(Stored dataset items)
────────

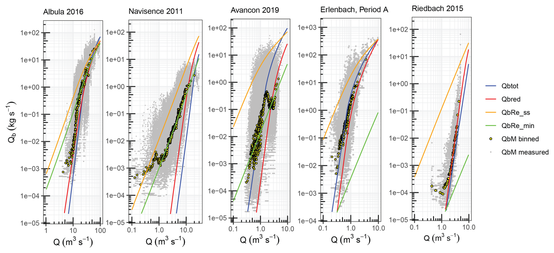The data sets for the Riedbach (Schneider et al., 2016), the Erlenbach (Rickenmann, 2020, 2024), and the Avançon (Antoniazza et al., 2022) were already published and are available online in the EnviDat repository: https://doi.org/10.16904/envidat.459 (Rickenmann et al., 2020b, 2023). The bedload transport data for the Albula 2016 and for the Navisence 2011 are available online in the EnviDat repository under the same link.
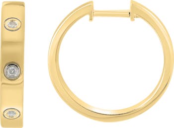 Dainty bezel-set round diamonds bring luxurious sparkle to these slender huggie hoop earrings crafted from sterling silver and plated in warm 14-karat gold.
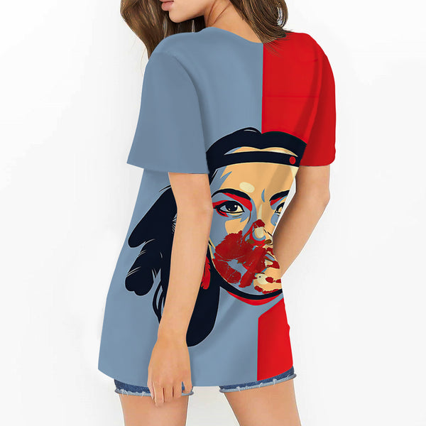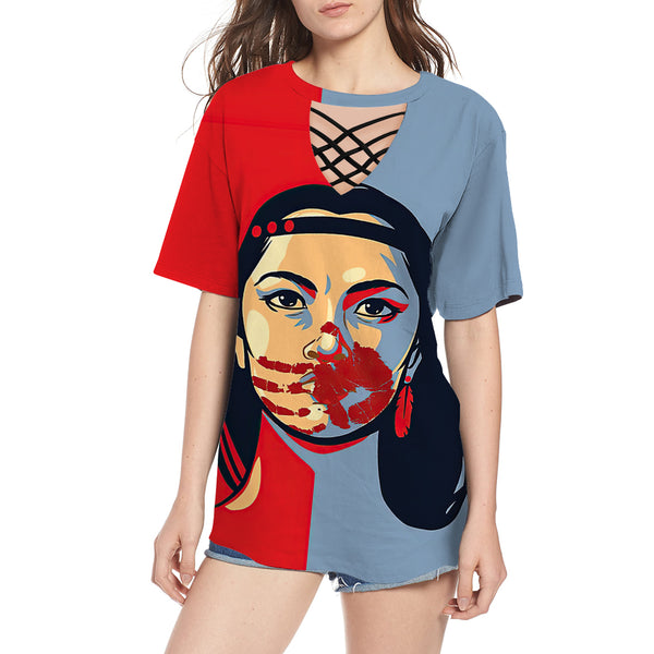 Red & Blue Girl Round Neck Hollow Out Tshirt
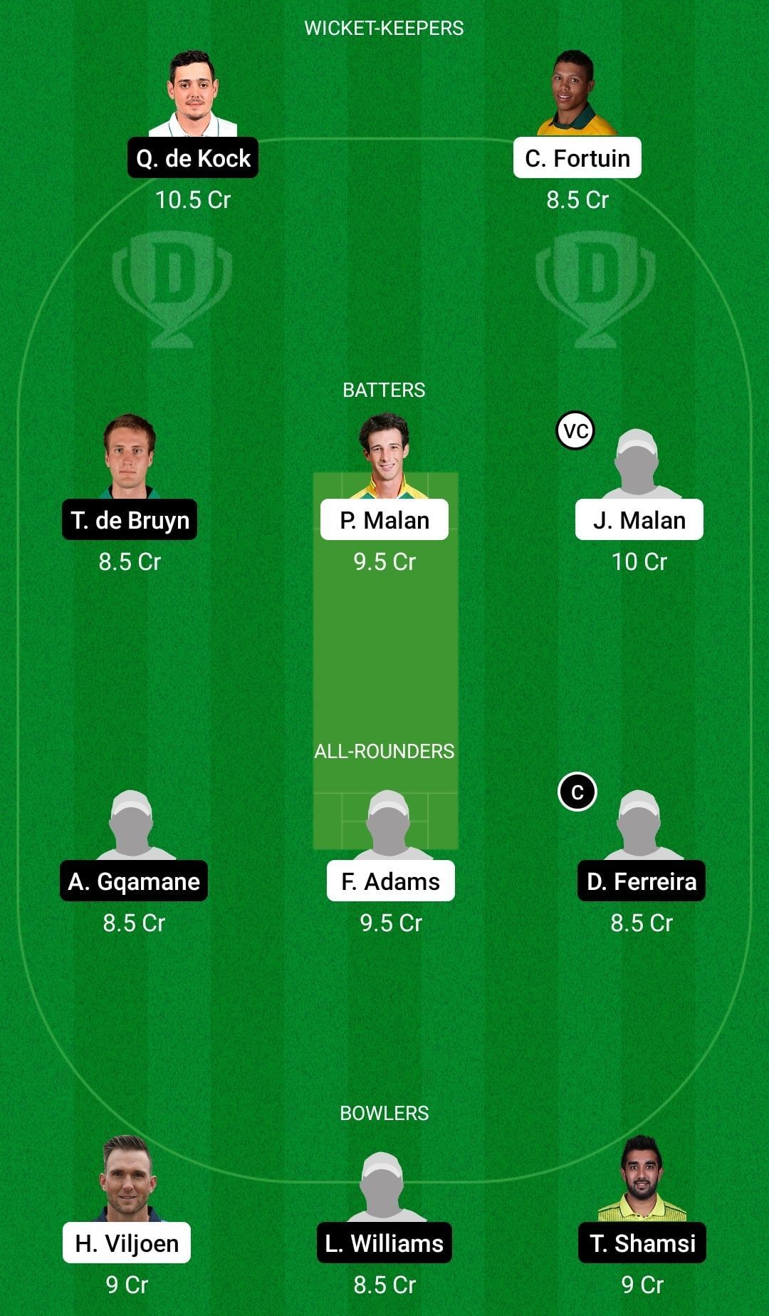 Fantasy Suggestion #2: Quinton de Kock, Clyde Fortuin, Theunis de Bruyn, Pieter Malan, Janneman Malan, Ayabulela Gqamane, Ferisco Adams, Donavon Ferreira, Hardus Viljoen, Lizaad Williams, Tabraiz Shamsi
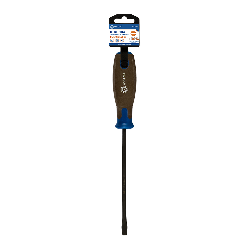 Отвертка POLYWOOD КОБАЛЬТ SL 6,0 х 150 мм, CR-V, древесно-полимерная рукоятка, подвес
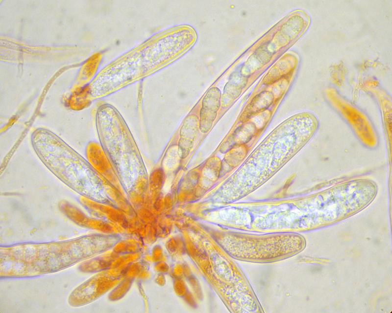 Asci 8-sp, without reaction in IKI.
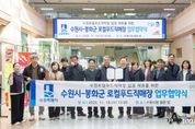 어웨이크뉴스 오경하 기자 | 수원특례시와 봉화군농어업회의소는 19일 수원시청에서 로컬푸드 입점 협약을 체결했다. 협약식은 이날 시청 별관 앞에서 열린 ‘봉화 수원 캠핑장 개장 기념 농산물 직거래장터’에서 진행됐다. 수원시는 인구소멸 위기 지역 농가의 안정적 판로 확보를 지원하고, 시민에게 신선한 지역 농산물을 제공할 예정이다. 협약식에는 남상은 수원시 농업기술센터 소장, 김주익 봉화군농어업회의소 회장, 신종길 봉화군 농업기술센터 소장 등이 참석했다. 봉화 수원 캠핑장 개장 기념 농산물 직거래장터에는 수원시·봉화군·수원농협·하나로마트 수원점이 참여했다. 수원로컬푸드직매장은 상추·배추·표고버섯 등 농산물을, 봉화군은 사과·생강·고구마·마 등 주요 특산물을 판매했다. 하나로마트 수원점은 감, 인삼, 대추, 새우젓, 멸치 등 통영·사천·김천 등의 농산물을 판매했다. 방문객에게 정다미 500g 200개와 장바구니 200개를 제공하는 행사도 진행했다. 수원시 관계자는 “수원시민에게 신선한 로컬푸드를 제공하고, 인구소멸 위기 지역 농가와 상생 협력할 수 있는 기반을 마련했다”며 “지역 농가와 시민
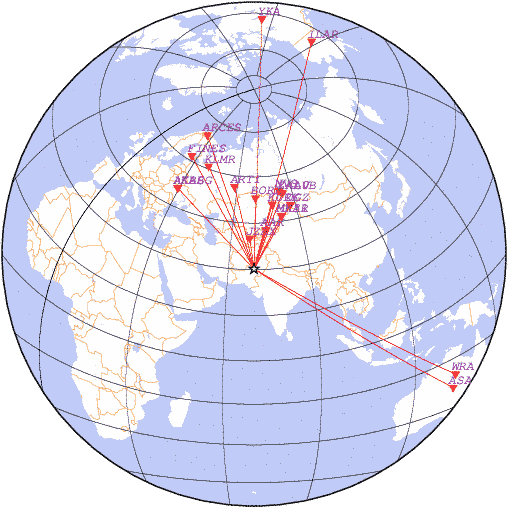 Параметры землетрясения в районе Пакистан, время 2025-12-13 13:14:57, широта 30.20, долгота 69.50, глубина 10 км, mb: 4.5/9 рассчитаны по станциям:
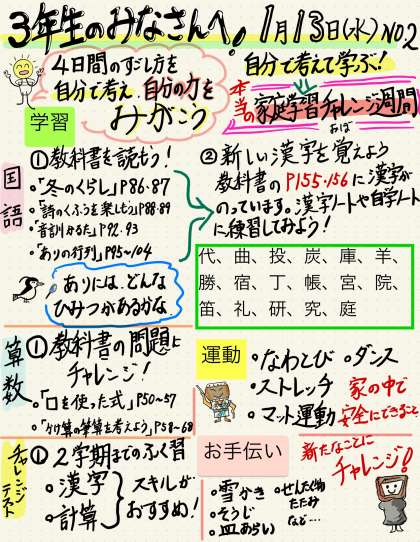 計画的に学習に取り組んだり、適度に運動したり、お手伝いをしたりして自分の力をみがくことができるといいですね。
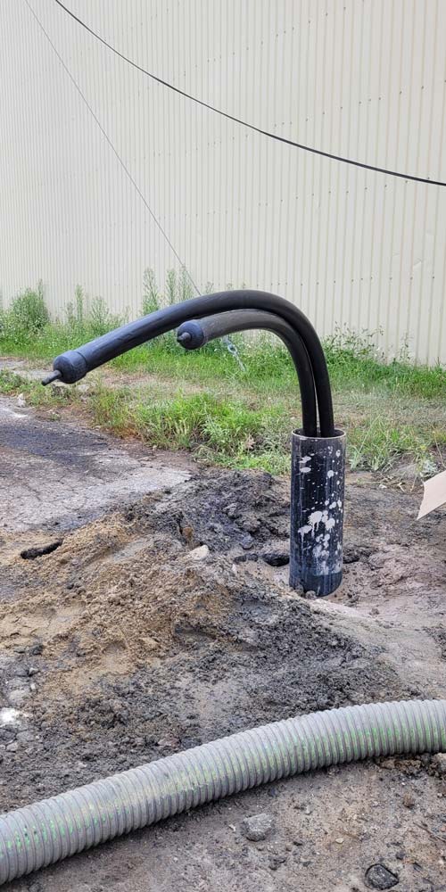 Lorsque la profondeur voulue est atteinte, c’est le moment d’insérer les tuyaux en polyéthylène à haute densité. Il va de soi que les tuyaux ne sont pas assez longs pour recouvrir une profondeur de 500 pieds; ils sont donc fusionnés sur place afin de créer une boucle continue et ainsi garantir l'étanchéité du circuit.
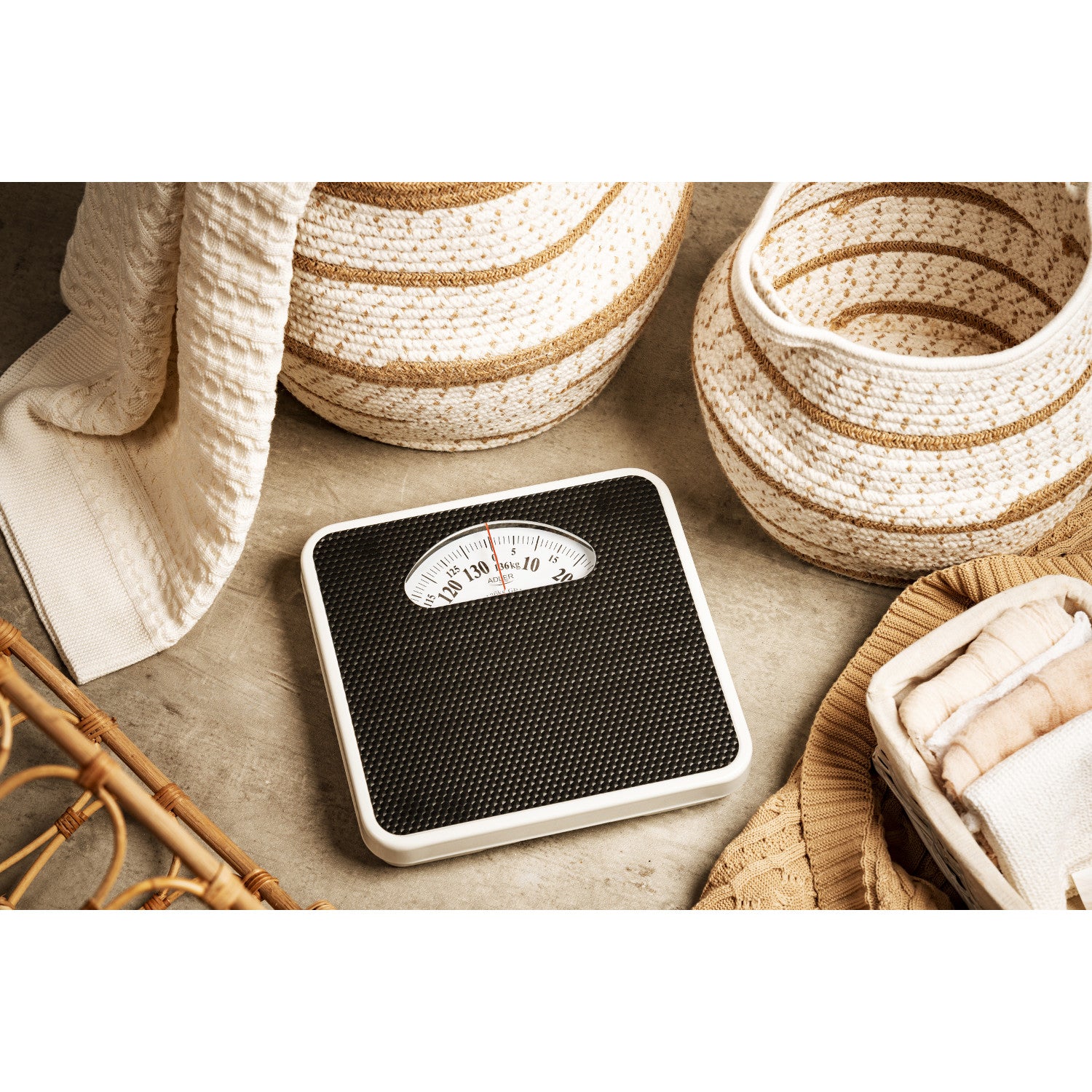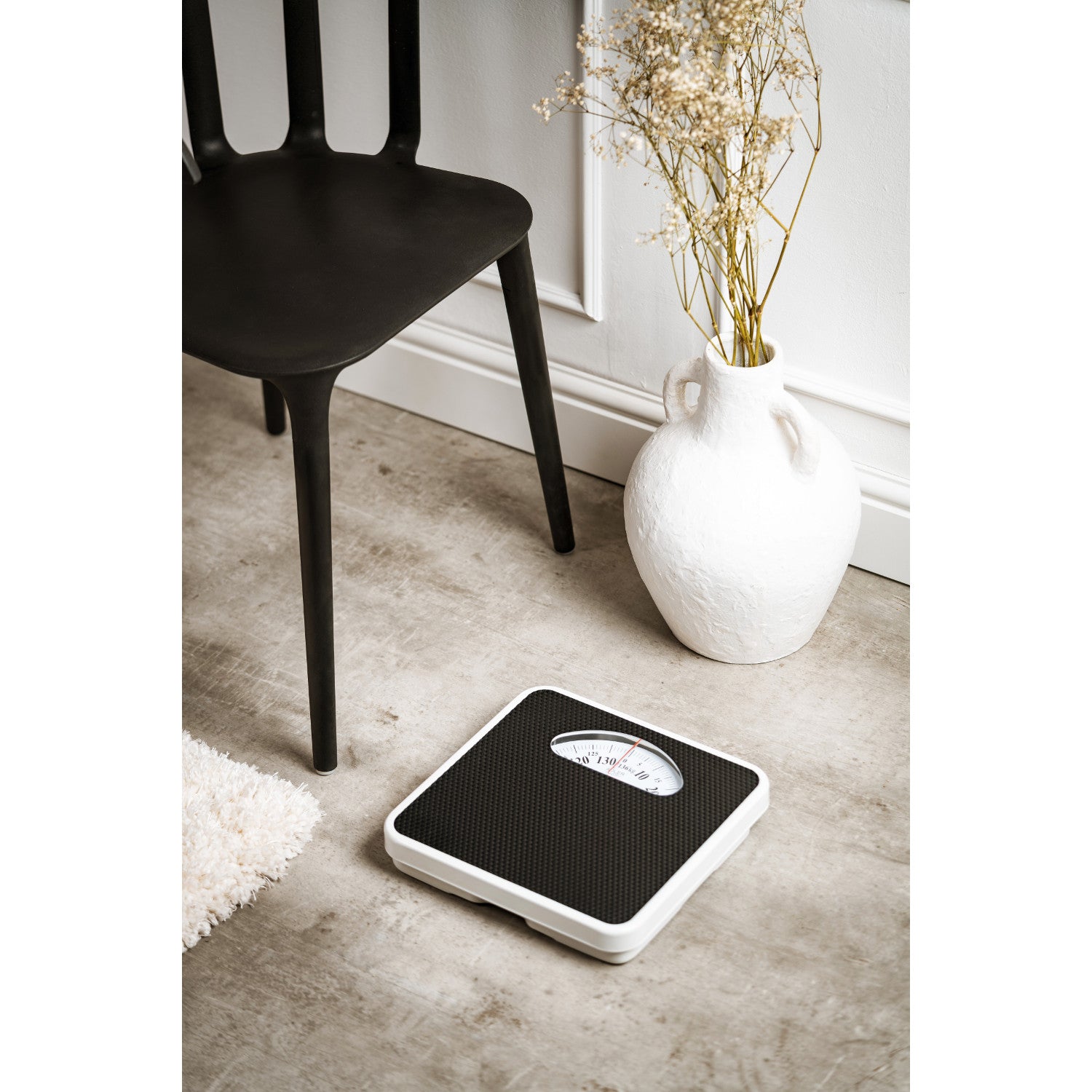 Scála seomra folctha meicniúil clasaiceach. Mura bhfuil muinín agat as taispeántais, mura dtaitníonn siad leat ar chúis éigin nó mura n-oireann siad do do sheomra folctha, roghnaigh an scála meicniúil AD 8179. Ní gá duit é a chasadh air, seasann tú ansin agus léann tú an toradh - agus tá sé an-áisiúil.
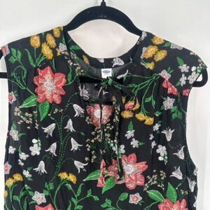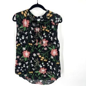 Old Navy Split Neck Tie Blouse Black Floral Size Medium Sleeveless Romantic
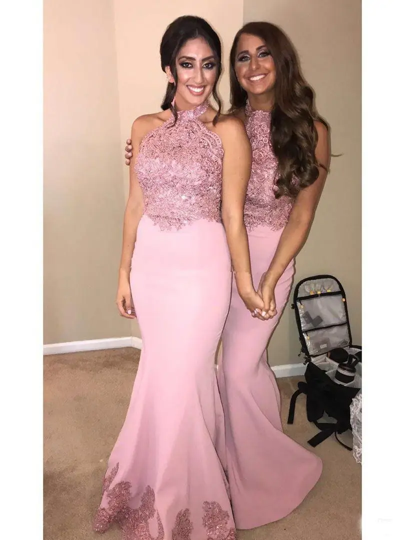 Щедрый Розовый Детское платье силуэта русалка платья подружки невесты на бретельках с круглым вырезом, расшитое бисером, свадебное платье подружки невесты robe mariage femme 2021
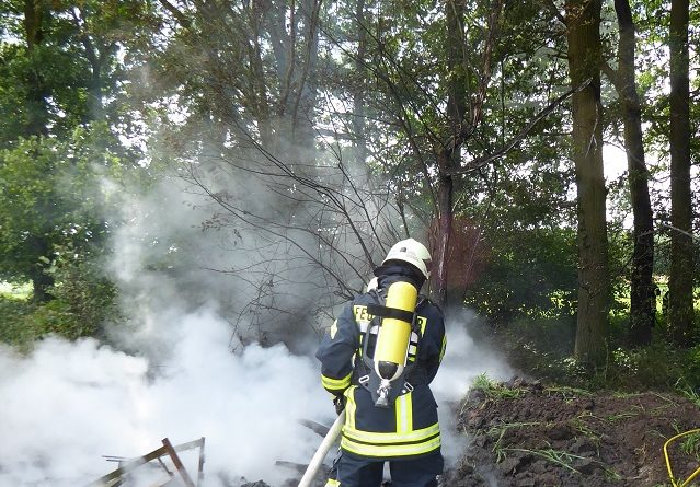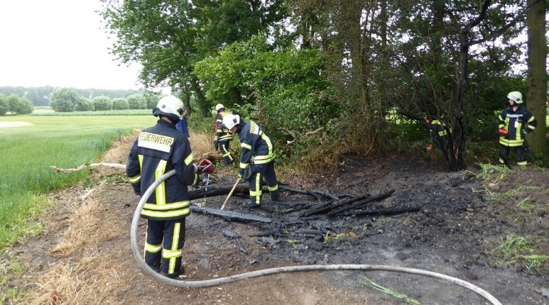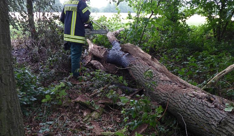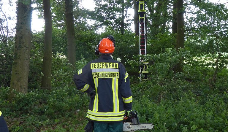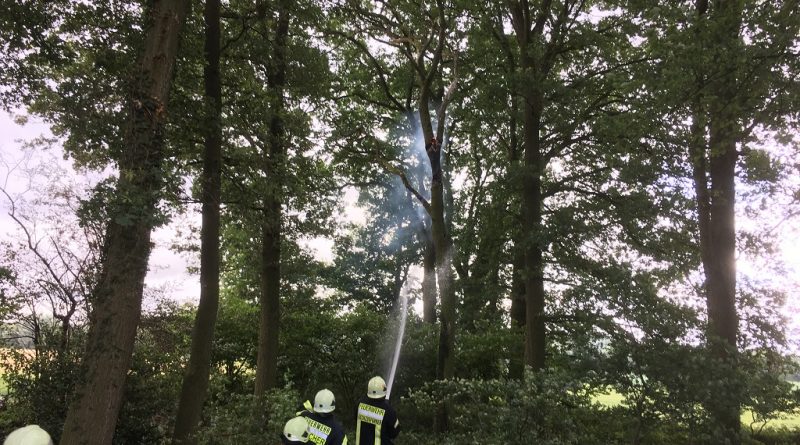 Ein Flächenbrand hat in Büren auf einen Baum übergegriffen. Der Brand war zunächst auf einer Fläche von ca 6 x 5 m aus unbekannten Gründen ausgebrochen. Wahrscheinlich sorgte dann Funkenflug dafür das ein etwas entfernter Baum in ca 8 m Höhe zu brennen anfing. Der Baum und die Fläche wurden zunächst abgelöscht. Anschließend wurde der Baum gefällt und der Baum abschließend gelöscht.
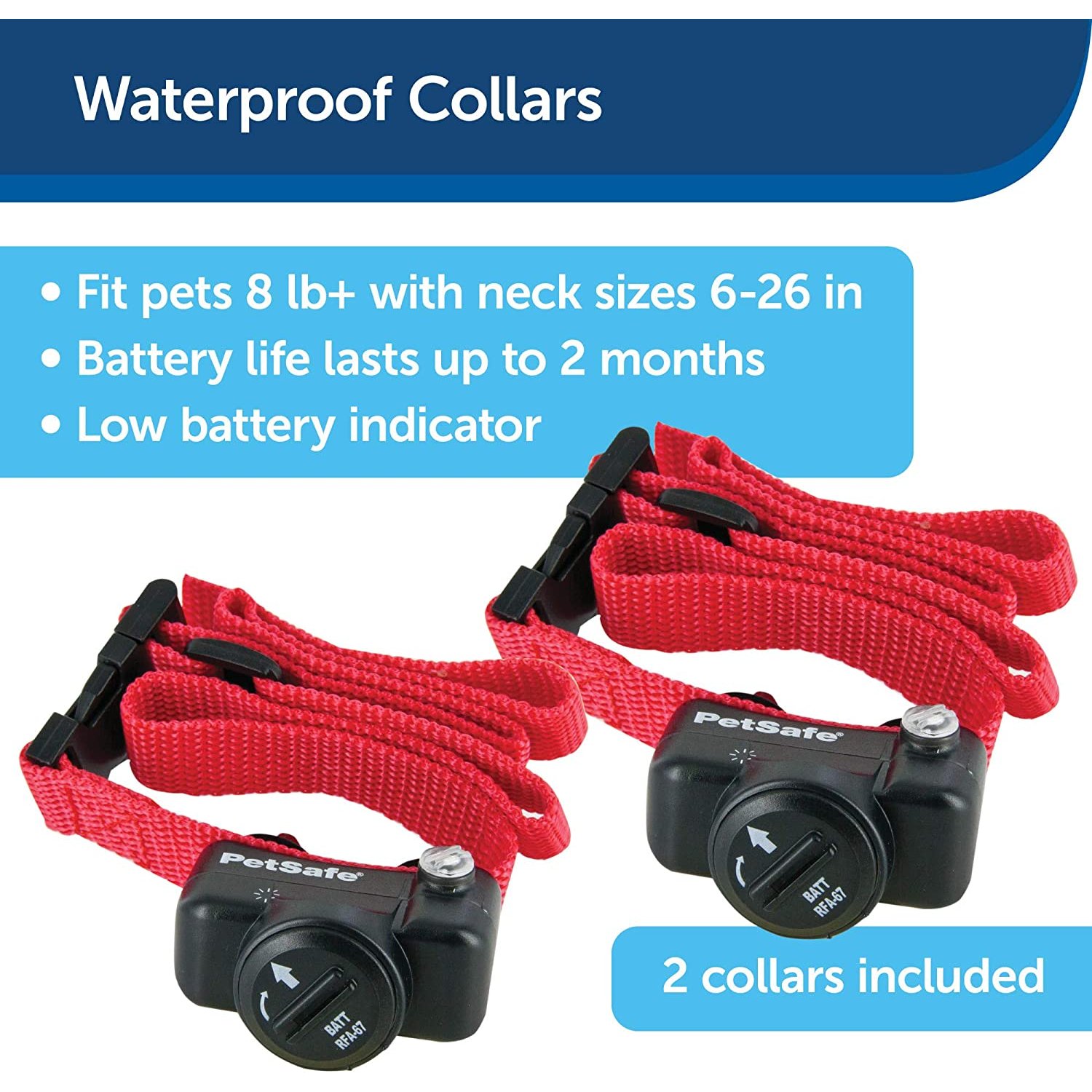 The PetSafe Basic In-Ground Fence allows you to create a secure 1/3 acre wire boundary around your yard to give your pet freedom to explore. This fence allows you to expand your best friend's play area by 5 acres with the purchase of additional wire and training flags. This In-Ground Fence kit comes with 2 UltraLight Receiver Collars. The waterproof collars feature a tone-only mode for training, plus 4 levels of adjustable correction depending on your dog's temperament. The receiver collars have a low-battery indicator that will let you know when it is time to replace the battery. The collars adjust to fit neck sizes between 6-26 inches and are recommended for pets who weigh 8 pounds and up. With the purchase of additional PetSafe In-Ground Fence receiver collars, the PetSafe Basic In-Ground Fence will contain an unlimited number of pets with a single system.

────────

Instructions for the task
Reproduce the records word for word, please, from their first line up to and including the line that contains "Параметры землетрясения в", but no pictures.

Solution for this problem
The data sets for the Riedbach (Schneider et al., 2016), the Erlenbach (Rickenmann, 2020, 2024), and the Avançon (Antoniazza et al., 2022) were already published and are available online in the EnviDat repository: https://doi.org/10.16904/envidat.459 (Rickenmann et al., 2020b, 2023). The bedload transport data for the Albula 2016 and for the Navisence 2011 are available online in the EnviDat repository under the same link.
 Dainty bezel-set round diamonds bring luxurious sparkle to these slender huggie hoop earrings crafted from sterling silver and plated in warm 14-karat gold.
 Red & Blue Girl Round Neck Hollow Out Tshirt
 Fantasy Suggestion #2: Quinton de Kock, Clyde Fortuin, Theunis de Bruyn, Pieter Malan, Janneman Malan, Ayabulela Gqamane, Ferisco Adams, Donavon Ferreira, Hardus Viljoen, Lizaad Williams, Tabraiz Shamsi
 Отвертка POLYWOOD КОБАЛЬТ SL 6,0 х 150 мм, CR-V, древесно-полимерная рукоятка, подвес
 Asci 8-sp, without reaction in IKI.
 어웨이크뉴스 오경하 기자 | 수원특례시와 봉화군농어업회의소는 19일 수원시청에서 로컬푸드 입점 협약을 체결했다. 협약식은 이날 시청 별관 앞에서 열린 ‘봉화 수원 캠핑장 개장 기념 농산물 직거래장터’에서 진행됐다. 수원시는 인구소멸 위기 지역 농가의 안정적 판로 확보를 지원하고, 시민에게 신선한 지역 농산물을 제공할 예정이다. 협약식에는 남상은 수원시 농업기술센터 소장, 김주익 봉화군농어업회의소 회장, 신종길 봉화군 농업기술센터 소장 등이 참석했다. 봉화 수원 캠핑장 개장 기념 농산물 직거래장터에는 수원시·봉화군·수원농협·하나로마트 수원점이 참여했다. 수원로컬푸드직매장은 상추·배추·표고버섯 등 농산물을, 봉화군은 사과·생강·고구마·마 등 주요 특산물을 판매했다. 하나로마트 수원점은 감, 인삼, 대추, 새우젓, 멸치 등 통영·사천·김천 등의 농산물을 판매했다. 방문객에게 정다미 500g 200개와 장바구니 200개를 제공하는 행사도 진행했다. 수원시 관계자는 “수원시민에게 신선한 로컬푸드를 제공하고, 인구소멸 위기 지역 농가와 상생 협력할 수 있는 기반을 마련했다”며 “지역 농가와 시민
 Параметры землетрясения в районе Пакистан, время 2025-12-13 13:14:57, широта 30.20, долгота 69.50, глубина 10 км, mb: 4.5/9 рассчитаны по станциям:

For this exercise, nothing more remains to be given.